Existing Standard Identifiers

by Julia Clasen

With a growing amount of content online, there is an increasing need for a universal identifier. A content identifier is a key factor to generate value from content. A universal and auto-generated identifier will simplify management, distribution, tracking and licensing of content. A free and open source solution to create, manage, and integrate such an identifier will also support collaboration and make content interoperable between different parties. This will hugely increase the speed of many processes throughout the content industry.

Especially in the field of online journalism the current absence of interoperable identifiers is a problem. Without a common standard there is no easy way of identifying and tracking content across market participants.

Increased efficiency and speed are becoming more and more important because old business models like selling advertisements are declining in rentability and current processes in journalism are often manual and therefore costly.

Also usually more than one party is involved in the production, distribution and licensing processes of content and it is often hard to track and manage all the steps, e.g. tracking usage or proving who, when and what someone contributed without an interoperable identifier.

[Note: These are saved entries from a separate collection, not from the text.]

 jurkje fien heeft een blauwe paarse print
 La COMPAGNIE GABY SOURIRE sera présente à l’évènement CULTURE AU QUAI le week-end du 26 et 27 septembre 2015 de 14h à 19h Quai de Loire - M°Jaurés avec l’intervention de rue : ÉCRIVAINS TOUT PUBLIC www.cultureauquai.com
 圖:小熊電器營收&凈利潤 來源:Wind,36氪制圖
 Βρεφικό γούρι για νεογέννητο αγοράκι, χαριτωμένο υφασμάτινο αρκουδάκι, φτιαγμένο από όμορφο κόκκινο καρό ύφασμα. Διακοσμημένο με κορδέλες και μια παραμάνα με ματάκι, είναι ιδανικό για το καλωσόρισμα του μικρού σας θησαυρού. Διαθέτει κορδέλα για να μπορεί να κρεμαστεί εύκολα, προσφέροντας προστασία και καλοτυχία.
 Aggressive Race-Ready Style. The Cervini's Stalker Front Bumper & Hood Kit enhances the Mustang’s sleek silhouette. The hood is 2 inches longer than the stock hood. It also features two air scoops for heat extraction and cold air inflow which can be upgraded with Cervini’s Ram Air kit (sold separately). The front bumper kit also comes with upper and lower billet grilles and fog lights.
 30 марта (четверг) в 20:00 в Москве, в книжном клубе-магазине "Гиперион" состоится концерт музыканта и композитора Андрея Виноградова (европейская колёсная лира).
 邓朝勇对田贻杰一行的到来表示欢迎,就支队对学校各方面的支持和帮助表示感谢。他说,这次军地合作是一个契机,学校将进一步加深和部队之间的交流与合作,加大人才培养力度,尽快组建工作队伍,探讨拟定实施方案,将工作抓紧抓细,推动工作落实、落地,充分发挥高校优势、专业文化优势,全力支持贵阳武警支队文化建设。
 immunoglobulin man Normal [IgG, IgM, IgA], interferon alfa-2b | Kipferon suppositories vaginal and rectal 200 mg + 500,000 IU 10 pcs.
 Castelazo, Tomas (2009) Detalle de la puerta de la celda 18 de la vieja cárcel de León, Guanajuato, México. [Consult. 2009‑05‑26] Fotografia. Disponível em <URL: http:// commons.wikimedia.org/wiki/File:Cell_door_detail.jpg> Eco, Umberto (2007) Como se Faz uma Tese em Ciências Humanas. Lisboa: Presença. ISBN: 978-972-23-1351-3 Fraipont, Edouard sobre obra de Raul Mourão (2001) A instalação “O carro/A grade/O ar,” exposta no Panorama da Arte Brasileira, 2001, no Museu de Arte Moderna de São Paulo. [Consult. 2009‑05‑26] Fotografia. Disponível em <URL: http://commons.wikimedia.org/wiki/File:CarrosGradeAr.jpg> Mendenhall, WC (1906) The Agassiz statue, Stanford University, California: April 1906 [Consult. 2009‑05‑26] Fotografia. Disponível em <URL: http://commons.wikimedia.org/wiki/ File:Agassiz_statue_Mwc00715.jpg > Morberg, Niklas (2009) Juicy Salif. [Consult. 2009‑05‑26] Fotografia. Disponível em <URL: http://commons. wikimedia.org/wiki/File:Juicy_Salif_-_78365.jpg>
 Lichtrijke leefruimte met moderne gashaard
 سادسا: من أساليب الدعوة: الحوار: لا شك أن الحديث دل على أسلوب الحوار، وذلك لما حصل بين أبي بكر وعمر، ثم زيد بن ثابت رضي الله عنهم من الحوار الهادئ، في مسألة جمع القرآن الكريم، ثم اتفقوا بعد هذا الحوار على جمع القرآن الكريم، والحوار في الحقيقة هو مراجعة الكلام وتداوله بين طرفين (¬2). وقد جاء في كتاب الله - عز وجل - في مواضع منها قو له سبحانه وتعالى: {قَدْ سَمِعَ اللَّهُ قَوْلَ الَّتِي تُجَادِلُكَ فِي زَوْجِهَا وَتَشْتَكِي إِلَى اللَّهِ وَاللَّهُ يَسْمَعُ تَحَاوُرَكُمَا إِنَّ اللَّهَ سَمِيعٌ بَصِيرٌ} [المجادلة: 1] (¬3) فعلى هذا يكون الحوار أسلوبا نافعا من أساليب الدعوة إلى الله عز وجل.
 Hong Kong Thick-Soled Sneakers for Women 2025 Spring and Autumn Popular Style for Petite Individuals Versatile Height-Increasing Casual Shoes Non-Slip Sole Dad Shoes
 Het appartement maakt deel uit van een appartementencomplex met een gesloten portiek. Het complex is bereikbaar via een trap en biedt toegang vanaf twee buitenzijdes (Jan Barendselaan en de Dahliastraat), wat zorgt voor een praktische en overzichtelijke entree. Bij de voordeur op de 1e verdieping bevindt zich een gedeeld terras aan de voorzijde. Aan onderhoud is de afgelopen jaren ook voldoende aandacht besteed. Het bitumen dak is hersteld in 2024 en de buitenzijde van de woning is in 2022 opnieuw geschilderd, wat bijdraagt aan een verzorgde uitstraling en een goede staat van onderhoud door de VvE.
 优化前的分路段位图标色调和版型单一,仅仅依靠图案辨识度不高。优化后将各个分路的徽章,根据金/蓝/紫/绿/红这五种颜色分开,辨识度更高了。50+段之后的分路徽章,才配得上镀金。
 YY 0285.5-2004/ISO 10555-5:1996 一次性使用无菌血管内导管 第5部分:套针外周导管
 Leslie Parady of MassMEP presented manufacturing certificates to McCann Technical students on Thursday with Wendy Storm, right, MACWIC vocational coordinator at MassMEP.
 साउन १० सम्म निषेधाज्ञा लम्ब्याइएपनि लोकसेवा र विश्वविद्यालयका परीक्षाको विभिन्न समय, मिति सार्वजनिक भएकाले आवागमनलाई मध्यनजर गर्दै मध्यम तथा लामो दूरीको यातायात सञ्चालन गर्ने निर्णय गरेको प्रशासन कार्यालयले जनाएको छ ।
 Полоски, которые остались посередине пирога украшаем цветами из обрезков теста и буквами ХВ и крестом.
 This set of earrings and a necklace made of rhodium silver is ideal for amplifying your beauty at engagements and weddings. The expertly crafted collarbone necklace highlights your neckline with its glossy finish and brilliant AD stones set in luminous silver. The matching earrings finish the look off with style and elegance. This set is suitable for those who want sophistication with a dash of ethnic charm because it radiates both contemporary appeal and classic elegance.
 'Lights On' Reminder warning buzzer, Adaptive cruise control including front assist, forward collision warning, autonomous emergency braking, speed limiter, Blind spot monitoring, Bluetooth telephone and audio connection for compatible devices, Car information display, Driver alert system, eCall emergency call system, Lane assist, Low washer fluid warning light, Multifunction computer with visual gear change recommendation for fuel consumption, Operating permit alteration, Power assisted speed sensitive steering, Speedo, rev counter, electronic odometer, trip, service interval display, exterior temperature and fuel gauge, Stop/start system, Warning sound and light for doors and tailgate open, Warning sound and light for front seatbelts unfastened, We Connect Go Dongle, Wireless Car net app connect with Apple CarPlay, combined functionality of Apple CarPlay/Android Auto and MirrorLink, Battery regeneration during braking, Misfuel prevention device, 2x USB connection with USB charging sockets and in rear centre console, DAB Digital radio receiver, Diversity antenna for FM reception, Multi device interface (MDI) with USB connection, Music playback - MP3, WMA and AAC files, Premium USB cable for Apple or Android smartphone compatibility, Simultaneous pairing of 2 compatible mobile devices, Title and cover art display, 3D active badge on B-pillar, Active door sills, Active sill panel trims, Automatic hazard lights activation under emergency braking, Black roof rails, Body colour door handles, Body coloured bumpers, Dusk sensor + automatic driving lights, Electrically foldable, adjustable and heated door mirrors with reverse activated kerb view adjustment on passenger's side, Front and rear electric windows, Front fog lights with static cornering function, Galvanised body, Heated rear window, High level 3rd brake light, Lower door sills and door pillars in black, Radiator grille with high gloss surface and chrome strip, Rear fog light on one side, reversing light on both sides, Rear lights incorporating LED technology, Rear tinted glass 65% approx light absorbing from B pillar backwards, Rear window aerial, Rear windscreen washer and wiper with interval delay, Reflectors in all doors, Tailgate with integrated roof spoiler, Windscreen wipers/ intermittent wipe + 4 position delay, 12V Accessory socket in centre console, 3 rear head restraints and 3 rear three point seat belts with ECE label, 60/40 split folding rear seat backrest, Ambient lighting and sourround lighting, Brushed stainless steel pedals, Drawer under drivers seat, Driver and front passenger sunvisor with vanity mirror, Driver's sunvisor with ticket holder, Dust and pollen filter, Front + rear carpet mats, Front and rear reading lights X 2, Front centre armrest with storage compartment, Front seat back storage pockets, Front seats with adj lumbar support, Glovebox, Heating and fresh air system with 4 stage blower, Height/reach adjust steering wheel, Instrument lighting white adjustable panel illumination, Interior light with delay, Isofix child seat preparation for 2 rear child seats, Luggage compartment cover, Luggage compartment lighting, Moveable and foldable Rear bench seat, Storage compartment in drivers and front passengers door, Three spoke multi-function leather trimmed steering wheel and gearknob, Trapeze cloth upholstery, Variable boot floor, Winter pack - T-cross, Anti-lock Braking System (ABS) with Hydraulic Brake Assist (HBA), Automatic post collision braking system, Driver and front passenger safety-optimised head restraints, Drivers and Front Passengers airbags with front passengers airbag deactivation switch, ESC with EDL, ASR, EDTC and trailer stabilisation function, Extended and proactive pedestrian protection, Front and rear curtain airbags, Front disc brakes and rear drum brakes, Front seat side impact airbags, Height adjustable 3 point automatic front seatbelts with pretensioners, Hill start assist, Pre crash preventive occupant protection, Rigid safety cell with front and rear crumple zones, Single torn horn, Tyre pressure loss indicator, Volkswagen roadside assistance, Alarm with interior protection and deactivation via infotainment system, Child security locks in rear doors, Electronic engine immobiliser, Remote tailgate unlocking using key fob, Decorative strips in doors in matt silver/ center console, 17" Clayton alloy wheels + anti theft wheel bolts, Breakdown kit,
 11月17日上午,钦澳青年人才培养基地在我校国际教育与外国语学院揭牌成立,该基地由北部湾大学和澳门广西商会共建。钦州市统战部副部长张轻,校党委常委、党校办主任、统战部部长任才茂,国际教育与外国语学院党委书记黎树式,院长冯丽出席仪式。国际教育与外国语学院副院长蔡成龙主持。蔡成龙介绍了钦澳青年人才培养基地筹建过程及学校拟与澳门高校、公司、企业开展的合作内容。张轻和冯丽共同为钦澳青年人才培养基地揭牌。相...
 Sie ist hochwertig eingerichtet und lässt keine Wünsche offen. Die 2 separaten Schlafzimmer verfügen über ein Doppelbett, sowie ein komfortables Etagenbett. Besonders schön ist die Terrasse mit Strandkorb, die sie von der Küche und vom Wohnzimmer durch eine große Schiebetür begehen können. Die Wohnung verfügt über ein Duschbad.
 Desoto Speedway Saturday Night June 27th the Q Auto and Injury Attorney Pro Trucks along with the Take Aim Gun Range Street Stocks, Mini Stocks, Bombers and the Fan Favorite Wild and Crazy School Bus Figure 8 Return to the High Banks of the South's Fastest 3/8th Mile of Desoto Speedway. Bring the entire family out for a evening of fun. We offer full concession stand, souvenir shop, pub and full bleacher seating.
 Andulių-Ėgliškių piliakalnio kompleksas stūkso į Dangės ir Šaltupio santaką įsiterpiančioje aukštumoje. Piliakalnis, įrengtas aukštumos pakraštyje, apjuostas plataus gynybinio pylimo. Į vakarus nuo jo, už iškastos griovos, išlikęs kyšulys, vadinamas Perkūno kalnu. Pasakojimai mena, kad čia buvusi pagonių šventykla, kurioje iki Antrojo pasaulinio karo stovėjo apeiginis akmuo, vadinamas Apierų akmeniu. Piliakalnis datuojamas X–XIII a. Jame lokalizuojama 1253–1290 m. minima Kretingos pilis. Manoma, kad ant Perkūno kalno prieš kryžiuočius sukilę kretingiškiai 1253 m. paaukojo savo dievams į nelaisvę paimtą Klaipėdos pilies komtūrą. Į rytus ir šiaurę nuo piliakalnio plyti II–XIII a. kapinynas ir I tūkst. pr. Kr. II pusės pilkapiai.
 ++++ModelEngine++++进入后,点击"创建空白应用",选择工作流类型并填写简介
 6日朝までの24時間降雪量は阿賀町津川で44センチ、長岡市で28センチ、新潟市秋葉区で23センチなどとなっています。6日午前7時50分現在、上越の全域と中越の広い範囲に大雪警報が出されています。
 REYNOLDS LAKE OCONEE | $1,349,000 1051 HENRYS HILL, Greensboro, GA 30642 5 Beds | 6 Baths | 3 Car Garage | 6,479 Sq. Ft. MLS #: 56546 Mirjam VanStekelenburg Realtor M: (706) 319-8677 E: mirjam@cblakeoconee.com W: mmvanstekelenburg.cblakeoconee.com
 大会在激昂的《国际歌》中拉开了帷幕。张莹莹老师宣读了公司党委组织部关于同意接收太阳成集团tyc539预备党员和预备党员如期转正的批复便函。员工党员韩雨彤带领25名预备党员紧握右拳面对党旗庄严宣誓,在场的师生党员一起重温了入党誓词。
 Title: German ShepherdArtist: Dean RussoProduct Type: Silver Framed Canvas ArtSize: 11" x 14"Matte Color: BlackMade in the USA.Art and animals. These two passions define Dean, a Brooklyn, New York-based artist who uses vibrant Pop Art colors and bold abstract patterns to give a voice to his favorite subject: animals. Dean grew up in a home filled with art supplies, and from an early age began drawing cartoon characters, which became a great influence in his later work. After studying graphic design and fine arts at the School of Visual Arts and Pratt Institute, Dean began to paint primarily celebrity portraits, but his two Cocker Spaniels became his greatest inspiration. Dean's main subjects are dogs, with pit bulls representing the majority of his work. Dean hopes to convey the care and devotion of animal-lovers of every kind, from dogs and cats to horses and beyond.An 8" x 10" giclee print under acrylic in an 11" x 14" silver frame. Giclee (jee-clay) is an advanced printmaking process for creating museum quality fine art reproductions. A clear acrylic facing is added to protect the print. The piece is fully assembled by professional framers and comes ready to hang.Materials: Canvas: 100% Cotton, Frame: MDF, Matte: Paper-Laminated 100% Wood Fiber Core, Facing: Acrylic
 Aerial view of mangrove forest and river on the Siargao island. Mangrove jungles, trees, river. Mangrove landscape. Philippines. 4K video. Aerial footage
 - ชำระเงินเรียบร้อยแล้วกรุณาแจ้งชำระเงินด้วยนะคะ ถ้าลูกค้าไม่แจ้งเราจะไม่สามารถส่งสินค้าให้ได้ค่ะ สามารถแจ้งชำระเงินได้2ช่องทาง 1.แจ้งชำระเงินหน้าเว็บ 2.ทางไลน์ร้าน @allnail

Based on the strength and weaknesses of existing identifiers for different media types, we will define technical and commercial requirements for a new universal identifier.

Introduction

Currently there are several identifiers for different types of content in use. Each identifier is usually only suitable for a specific purpose and cannot be used in a generic way. Also most identifiers are not interoperable.
In the following, different content identifiers are listed and examined with regard to their field of use. (Identifiers for persons and non-content entities are not discussed in this paper as they are not within the scope of the project’s activities)

Text / Books and Articles

ISBN – International Standard Book Number

Subject	Books / text-based monographic publications
Details	New ISBN for every edition, format or version of a book (except reprints)
Issuer / Issuing Process	National ISBN Agency issues different sizes of blocks of ISBNs to a publisher. There is no requirement for the publisher to provide any metadata about the publications identified.
Standard	ISO 2108
Price per ID	Varies by issuing country/territory and the quantity of IDs issued. Starting at 125$ for one ID, larger quantities are cheaper.
Format	Fixed length, 13 digits divided into: Prefix (3 digits) Registrant Group Element (1 to 5 digits) Registrant Element (up to 7 digits) Publication Element (up to 6 digits) Check digit (1 digit)
Range / Capacity	Can not be calculated exactly. Large registrant blocks were given out in the beginning and it is unclear if/how those are utilized.
Interoperability	Subset of the EAN-13 (since early 2000s)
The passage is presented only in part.